Source data —
◇ ◇ ◇
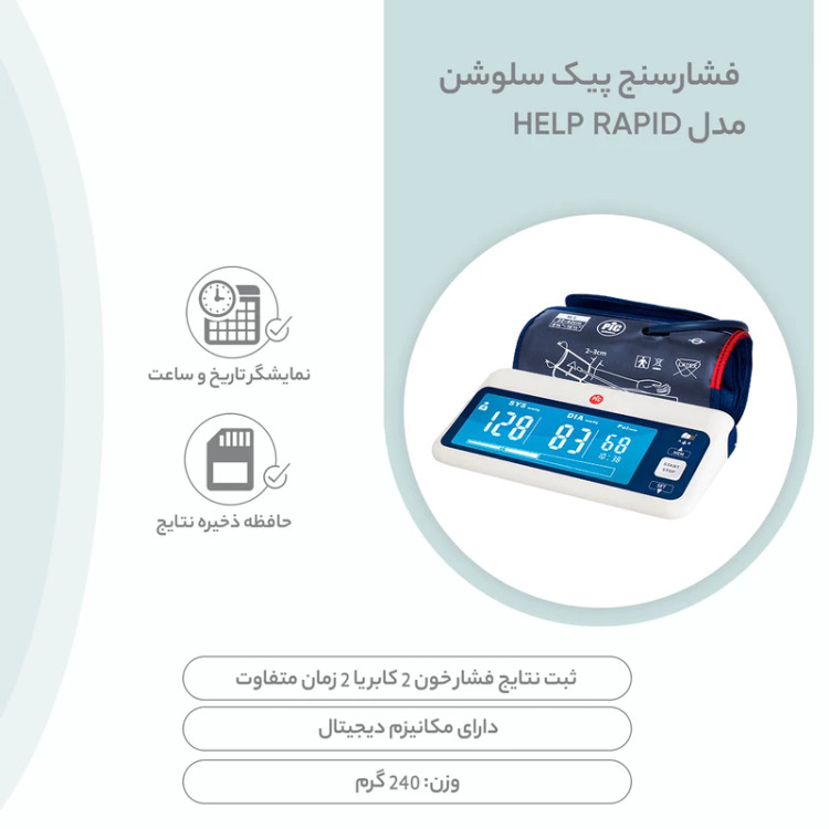 فشارسنج بازویی دیجیتال برند پیک سلوشن مدل help RAPID، با قابلیت نمایش میانگین نتایج، تشخیص آریتمی، هشدار خطای محاسباتی و خاموش شدن خودکار، دارای نمایشگر LCD، به همراه کیف، 4 عدد باتری نیم قلمی، CD آموزش
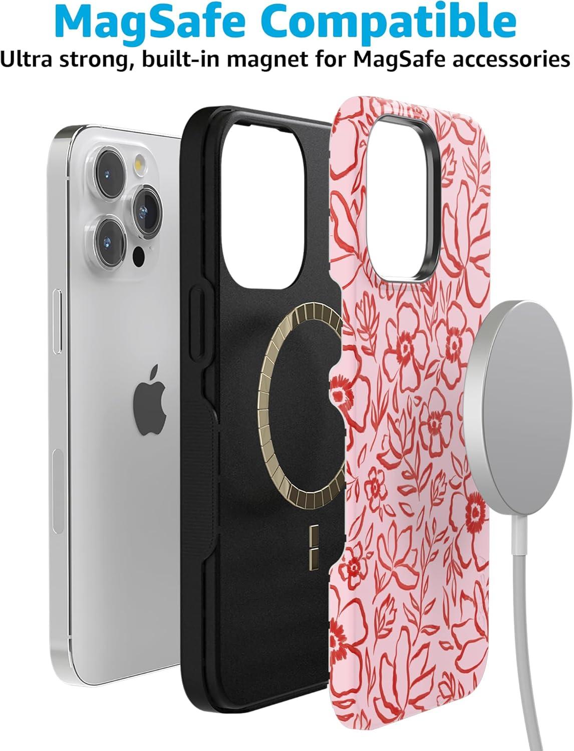 Casely iPhone 15 Pro Case | Keep It Classic | Crayola Crayon Box | Bold Protective Design | Compatible with MagSafe(Blush Garden | Floral Doodle)
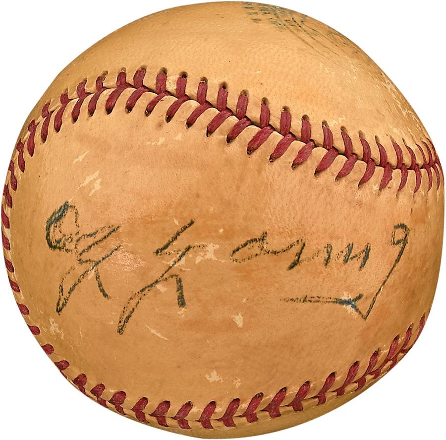 The man for whom the premier pitching award is named - Cy Young - signed this official American League (Harridge) baseball that dates to the early 1950s and boasts a fine example of the Hall of Famer's hand. The ball has been shellacked to preserve the signature, and it is toned to a light yellow because of the coating. The signature on a side panel in black ink rates 7.5/10. Young was the gold standard of pitchers, racking up a record 511 wins (94 more than #2 Walter Johnson) while playing for 22 years. More than a century after his retirement, Cy still holds the major league records of most career innings pitched (7,356), most career games started (815) and most complete games (749). He also suffered 316 losses, the most in MLB history, for fair measure.
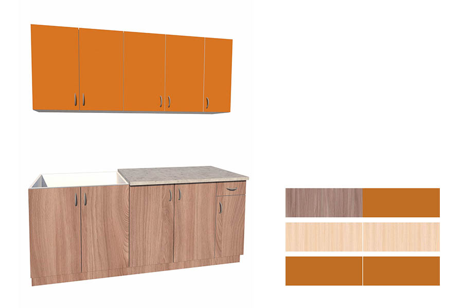 На главном фото изображена кухня в цвете «ясень шимо темный - оранжевый», модель также доступна в расцветках «дуб молочный - дуб молочный», «оранжевый - оранжевый».
◇ ◇ ◇
Aim of the exercise — Reproduce the data above exactly, but only from the line containing "Casely iPhone 15" through the line containing "The man for". Omit all pictures.

Reply —
 Casely iPhone 15 Pro Case | Keep It Classic | Crayola Crayon Box | Bold Protective Design | Compatible with MagSafe(Blush Garden | Floral Doodle)
 The man for whom the premier pitching award is named - Cy Young - signed this official American League (Harridge) baseball that dates to the early 1950s and boasts a fine example of the Hall of Famer's hand. The ball has been shellacked to preserve the signature, and it is toned to a light yellow because of the coating. The signature on a side panel in black ink rates 7.5/10. Young was the gold standard of pitchers, racking up a record 511 wins (94 more than #2 Walter Johnson) while playing for 22 years. More than a century after his retirement, Cy still holds the major league records of most career innings pitched (7,356), most career games started (815) and most complete games (749). He also suffered 316 losses, the most in MLB history, for fair measure.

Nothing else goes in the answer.